Une grenouille rose s’approcha de Marie, elle avait une voix nasillarde, un peu comme si elle se pinçait le nez. Mais bon, une grenouille, Marie savait bien que ça n'avait pas de nez... sauf.. sauf peut-être si c'était une grenouille à nez ! Ça devait bien exister, après tout. Marie secoua la tête pour sortir de la rêverie dans laquelle elle était encore une fois en train de s'enliser.
— De la course, bien sûr, de la course ! Vous ne lisez pas les journaux ?
— Si, répondit Marie en fronçant les sourcils. De temps en temps… (Même si ce n'était absolument pas vrai, elle espérait que les grenouilles ne s'en apercevraient pas).
— Alors vous avez dû entendre parler de la course de grenouilles ! La gagnante deviendra la grenouille favorite de sa Majesté.
— Sa Majesté ? Il y a bien longtemps qu’il n’y a plus de Majesté. Depuis au moins…
Marie réfléchit mais elle n’avait jamais été très bonne en histoire. Elle ne pouvait donc pas dire avec précision depuis quand il n’y avait plus de Majesté.
— Depuis très longtemps ! finit-elle pour conclure.
— Bien sûr que si, reprit la grenouille rose. Et c’est pour cela que nous faisons la course.
— Et j’ai gagné ! triompha la grenouille bleue.
— Coâ ? fulminèrent ensemble toutes les grenouilles.
— Écoutez, je ne sais pas de quoi vous parlez, mais cela ne me regarde pas.
— Vous l’avez déclarée vainqueur…
— Mais je n’ai rien fait du tout !
— Si, dit la grenouille bleue. Je suis la meilleure.
— Coâ ? crièrent encore une fois toutes les grenouilles.
— Non, je n’ai rien dit de tel, déclara Marie. Je ne vous ai même pas vues faire la course.
— Alors recommençons, proposa une grenouille verte à pois blancs, qui avait une voix énorme, beaucoup trop pour sa petite taille.

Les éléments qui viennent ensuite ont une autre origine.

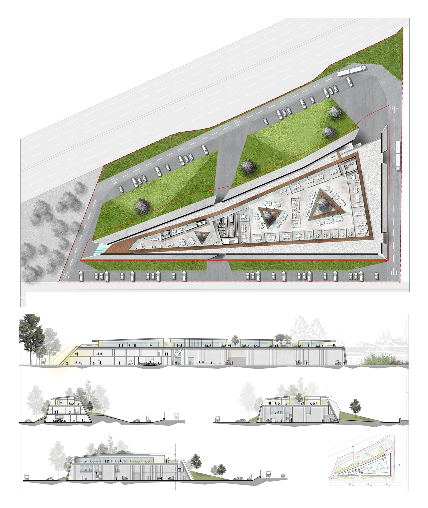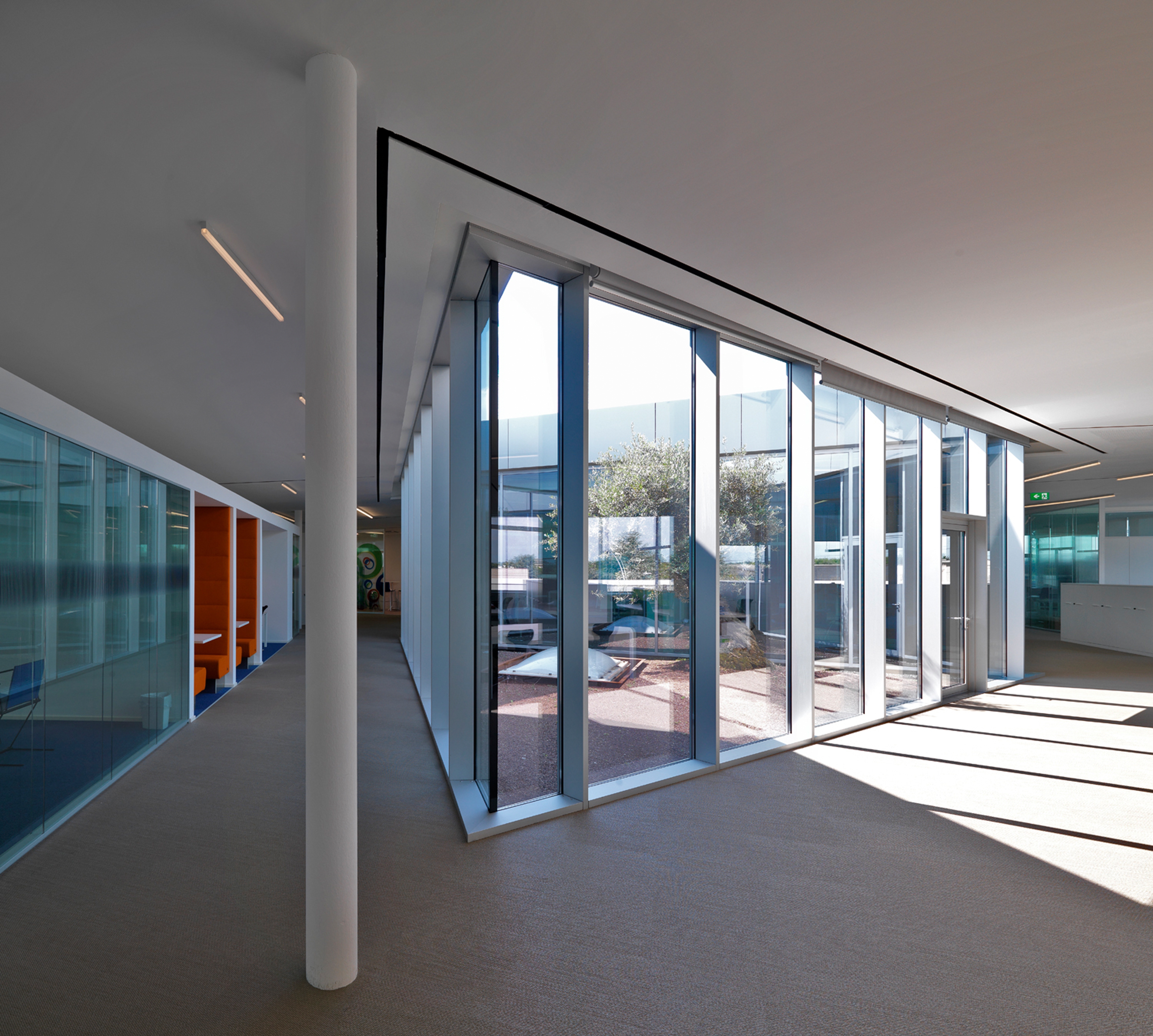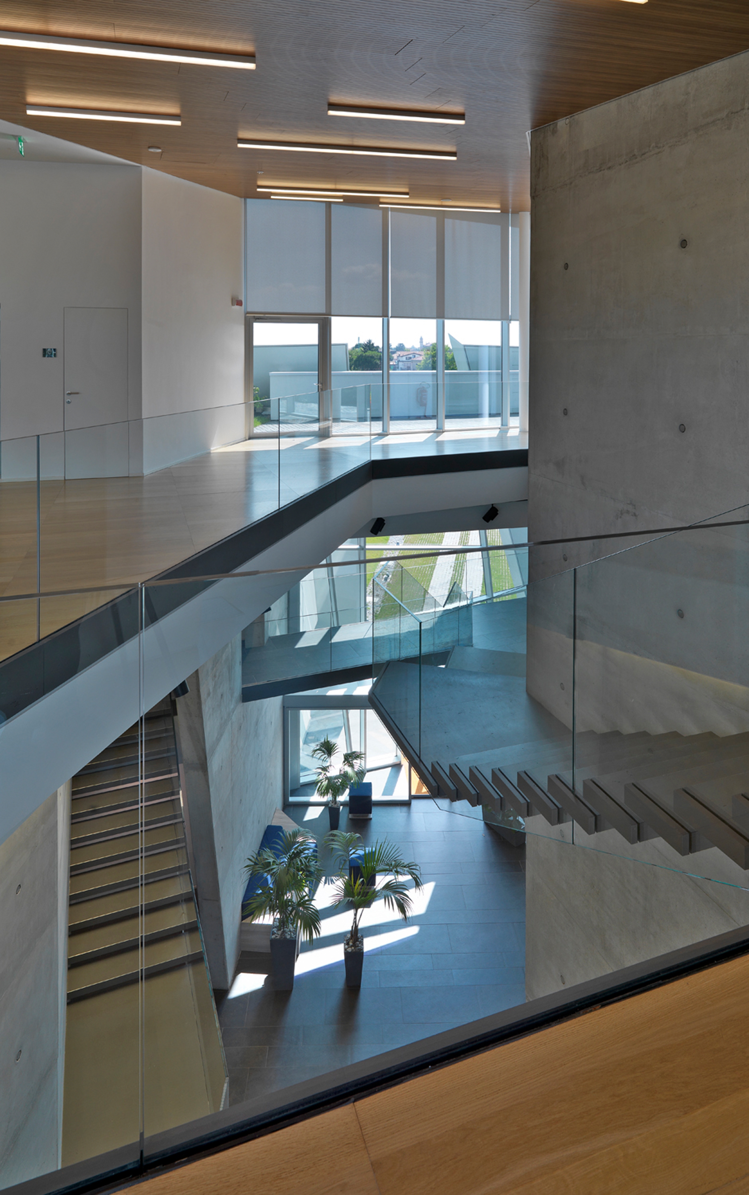 The construction restrictions created by the buffer area between the complex and the highway, and the limits of the buildable area resulted in a focal point that became the nucleus for this dynamic architectural vision and the internal composition. Inside, functionality and the relations between elements define the appearance.

— Oui, firent les autres grenouilles.
— Coâ ? protesta la grenouille bleue. Il en est hors de question. C’est moi la meilleure.
— Non. C’est une bonne idée, ajouta Marie, qui souhaitait par dessus tout que la conversation ne s'envenime pas. Recommencez la course. Je vous regarderai. Ainsi, je pourrai dire qui de vous est la meilleure.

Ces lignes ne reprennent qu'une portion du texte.